Mistral AI unveils Voxtral TTS for nuanced & low-latency speech generation in 9 languages
Mistral AI has announced the launch of Voxtral TTS, a text-to-speech model designed for advanced multilingual voice generation. The model provides state-of-the-art results in nine languages, including English, French, German, Spanish, Dutch, Portuguese, Italian, Hindi, and Arabic to deliver broad international support.
Unlike many text-to-speech systems, Voxtral TTS is lightweight with 4 billion parameters. This design facilitates efficient deployment at scale while maintaining natural-sounding and reliable speech output. Building on this efficiency, the model demonstrates advanced contextual understanding and speaker modeling, reproducing speaker personality traits such as natural pauses, rhythm, intonation, and emotional nuance.

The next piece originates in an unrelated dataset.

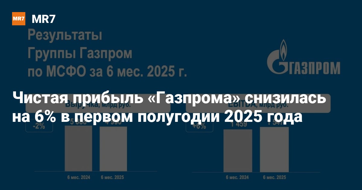 «Газпром» отчитался о снижении чистой прибыли за первое полугодие 2025 года на 6% — до 983 миллиардов рублей. Об этом сообщила компания 29 августа.

These advances are reinforced by human evaluations, which show that Voxtral TTS surpasses ElevenLabs Flash v2.5 in naturalness and matches the quality and emotion steering capabilities of ElevenLabs v3, while maintaining fast response times. Notably, Voxtral TTS adapts to a custom voice reference as short as three seconds, accurately reproducing accent, inflections, intonation, and natural disfluencies. For a standard voice sample of ten seconds and 500 characters, the model delivers a latency of 70 milliseconds.
Users can experiment with Voxtral TTS in the Mistral AI Studio playground, use it in Le Chat, integrate it via API for $0.016 per 1,000 characters, or access open model weights on Hugging Face under a Creative Commons BY-NC 4.0 license.